BRIEF: Leave out the pictures and return every entry exactly as it appears.

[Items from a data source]
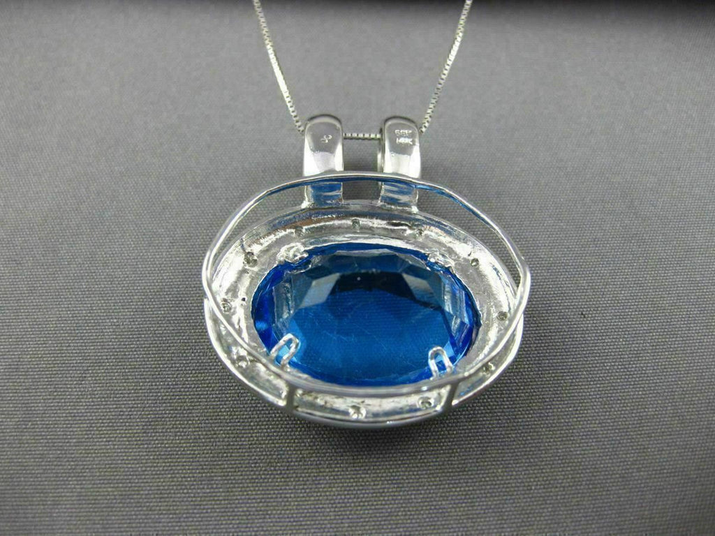 ESTATE EXTRA LARGE 45.25CT DIAMOND & BLUE TOPAZ 14K WHITE GOLD HALO OVAL PENDANT
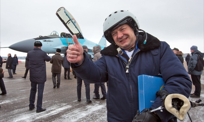 Phi công thử nghiệm Mikhail Belyaev của tập đoàn MiG sau chuyến bay với MiG-35.
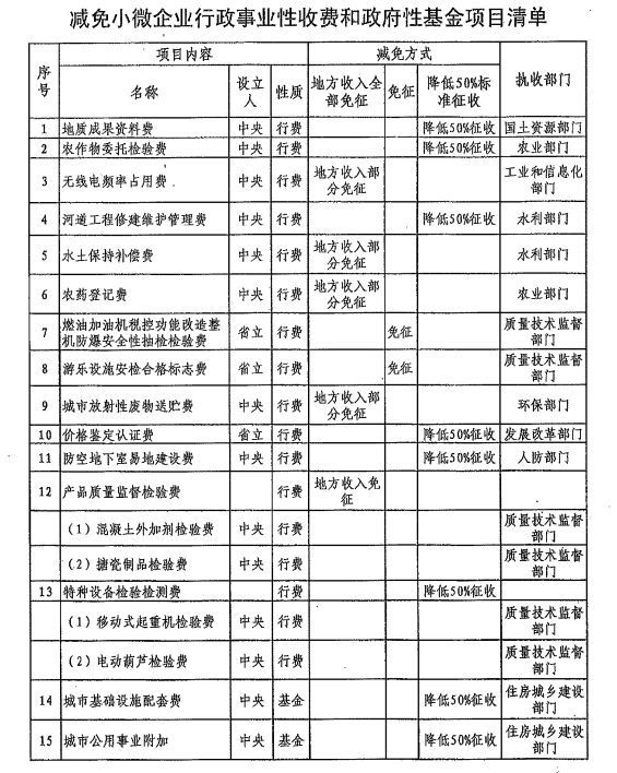 转发《关于减免对小微企业行政事业性收费和政府性基金项目的通知》的通知
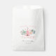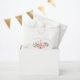 Adorable favour bags for your wild one's third birthday party feature a pink teepee illustration flanked by pastel peach and mint flowers. "Young, Wild & Three" appears in peach lettering. Personalise with the birthday girl's name and party date.
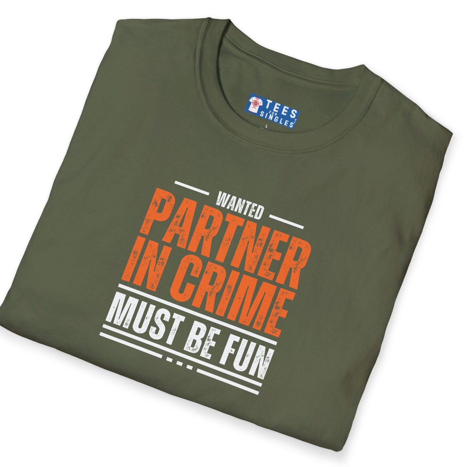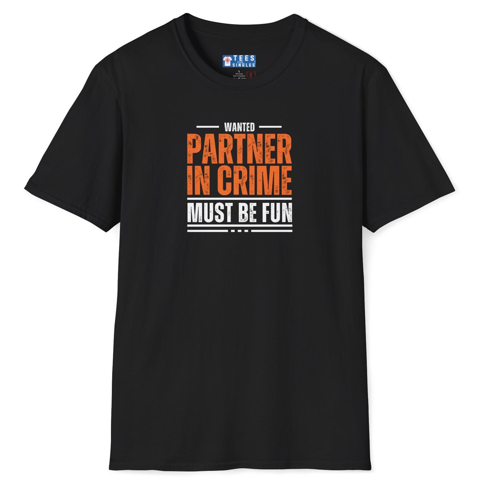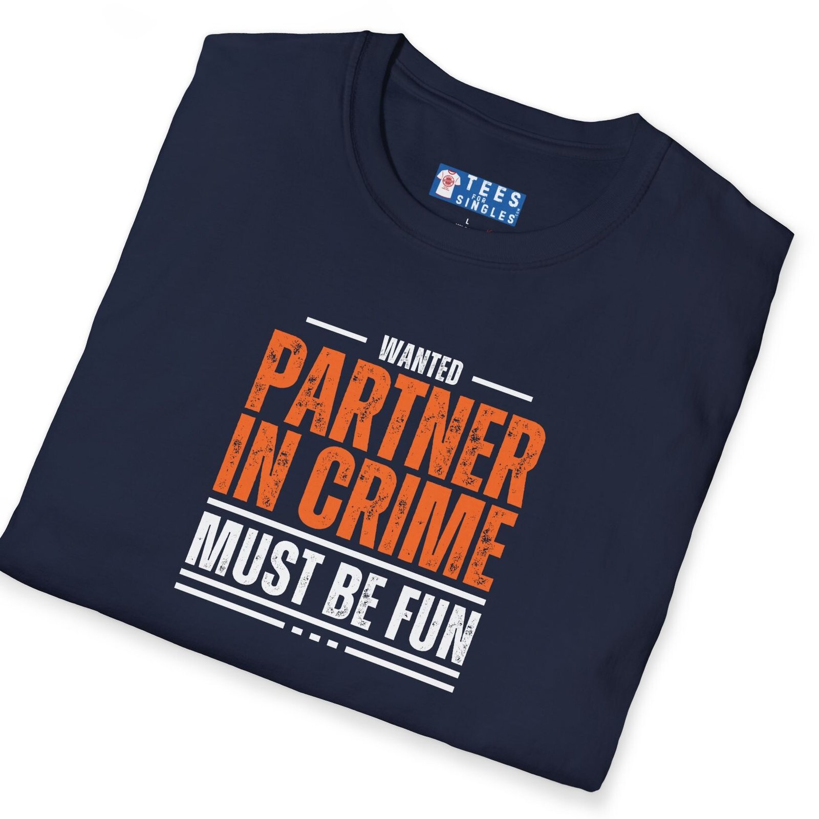 Keywords/Tags: partner in crime shirt, fun singles tee, conversation starter top, Gildan 64000, Tees for Singles, bold statement apparel, flirt shirt, ice breaker t-shirt, meet new people, post covid connection, playful dating wear
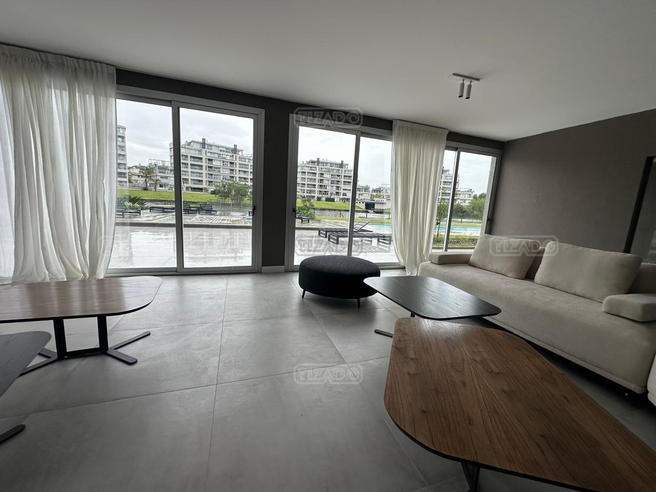 YOO 5 by Acqua Nordelta: Departamento DOS ambientes con cochera y baulera. VISTA AL LAGO en un primer piso. FECHA DE ENTREGA estimada dic 2025. CONSULTAR permuta por CASA en NORDELTA. Departamento 2 ambientes con amplio balcón y vista al lago central de Nordelta. Ambientes: toilette de recepción, Cocina integrada con barra y conexión para lavarropas, living comedor y Dormitorio en suite con vestidor. Desde el living y desde el dormitorio tienen salida al salida al balcón (con parrilla) con vista al lago central de Nordelta. Superficie cubierta: 52,88 Superficie semicubierta: 11.30 Superficie total: 83.39. Terminaciones: Pisos de porcelanato. Baños: equipados grifería y loza de primera calidad. Espejos y accesorios instalados. Cocina: con Anafe y horno instalado. Mesadas de mármol. Carpinterías de aluminio anodizado con perfiles Premium y doble vidrio DVH. Calefacción por piso radiante Sistema de agua caliente con caldera central a gas y termostato con regulación individual por ambiente. Frentes de placard integral con interiores incluidos. Parrillas en todas las unidades, incluyen herrajes y puertas guillotinas realizadas completamente en acero inoxidable. Balcon con barandas de vidrio laminado. Artefacto de iluminación instalados. Edificio equipado con: 2 ascensores por núcleo, un total de 4 ascensores automáticos de última generación, cabina revestida en acero inoxidable. Instalaciones y grupo electrógeno para abastecer servicios comunes. Amenities propias del edificio Bar - Sum. Salones interiores. Piscina para niños. Solárium humedo. Jacuzzi incorporado a la piscina. Muelle con espacios de relax. Amenities sobre el lago: Rincón de fuego. Piscina para nadar 5m x 35 m. Camastros sobre piscina.
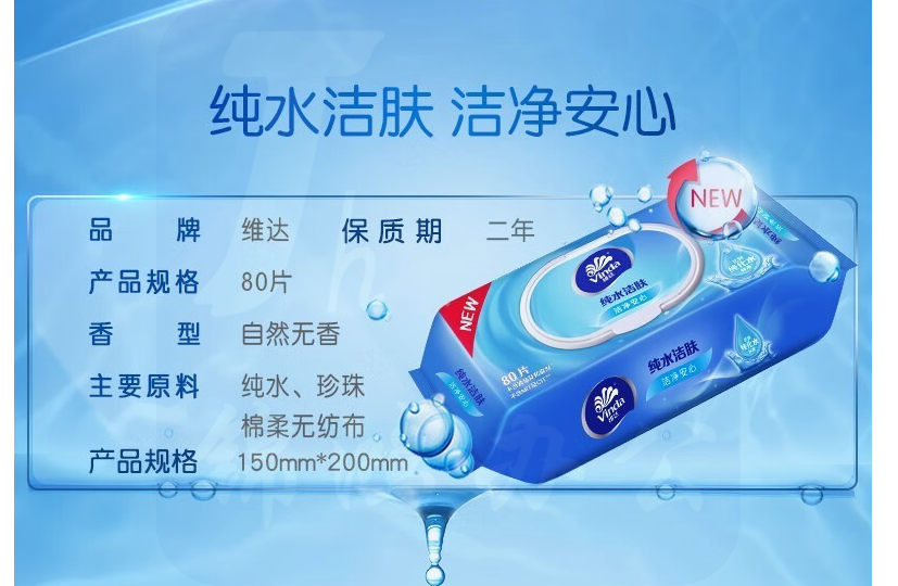 维达(Vinda)湿巾湿纸巾 纯水湿巾 带盖湿纸巾1包*80片

OUTPUT FOR THIS TASK:
 ESTATE EXTRA LARGE 45.25CT DIAMOND & BLUE TOPAZ 14K WHITE GOLD HALO OVAL PENDANT
 Phi công thử nghiệm Mikhail Belyaev của tập đoàn MiG sau chuyến bay với MiG-35.
 转发《关于减免对小微企业行政事业性收费和政府性基金项目的通知》的通知
 Adorable favour bags for your wild one's third birthday party feature a pink teepee illustration flanked by pastel peach and mint flowers. "Young, Wild & Three" appears in peach lettering. Personalise with the birthday girl's name and party date.
 Keywords/Tags: partner in crime shirt, fun singles tee, conversation starter top, Gildan 64000, Tees for Singles, bold statement apparel, flirt shirt, ice breaker t-shirt, meet new people, post covid connection, playful dating wear
 YOO 5 by Acqua Nordelta: Departamento DOS ambientes con cochera y baulera. VISTA AL LAGO en un primer piso. FECHA DE ENTREGA estimada dic 2025. CONSULTAR permuta por CASA en NORDELTA. Departamento 2 ambientes con amplio balcón y vista al lago central de Nordelta. Ambientes: toilette de recepción, Cocina integrada con barra y conexión para lavarropas, living comedor y Dormitorio en suite con vestidor. Desde el living y desde el dormitorio tienen salida al salida al balcón (con parrilla) con vista al lago central de Nordelta. Superficie cubierta: 52,88 Superficie semicubierta: 11.30 Superficie total: 83.39. Terminaciones: Pisos de porcelanato. Baños: equipados grifería y loza de primera calidad. Espejos y accesorios instalados. Cocina: con Anafe y horno instalado. Mesadas de mármol. Carpinterías de aluminio anodizado con perfiles Premium y doble vidrio DVH. Calefacción por piso radiante Sistema de agua caliente con caldera central a gas y termostato con regulación individual por ambiente. Frentes de placard integral con interiores incluidos. Parrillas en todas las unidades, incluyen herrajes y puertas guillotinas realizadas completamente en acero inoxidable. Balcon con barandas de vidrio laminado. Artefacto de iluminación instalados. Edificio equipado con: 2 ascensores por núcleo, un total de 4 ascensores automáticos de última generación, cabina revestida en acero inoxidable. Instalaciones y grupo electrógeno para abastecer servicios comunes. Amenities propias del edificio Bar - Sum. Salones interiores. Piscina para niños. Solárium humedo. Jacuzzi incorporado a la piscina. Muelle con espacios de relax. Amenities sobre el lago: Rincón de fuego. Piscina para nadar 5m x 35 m. Camastros sobre piscina.
 维达(Vinda)湿巾湿纸巾 纯水湿巾 带盖湿纸巾1包*80片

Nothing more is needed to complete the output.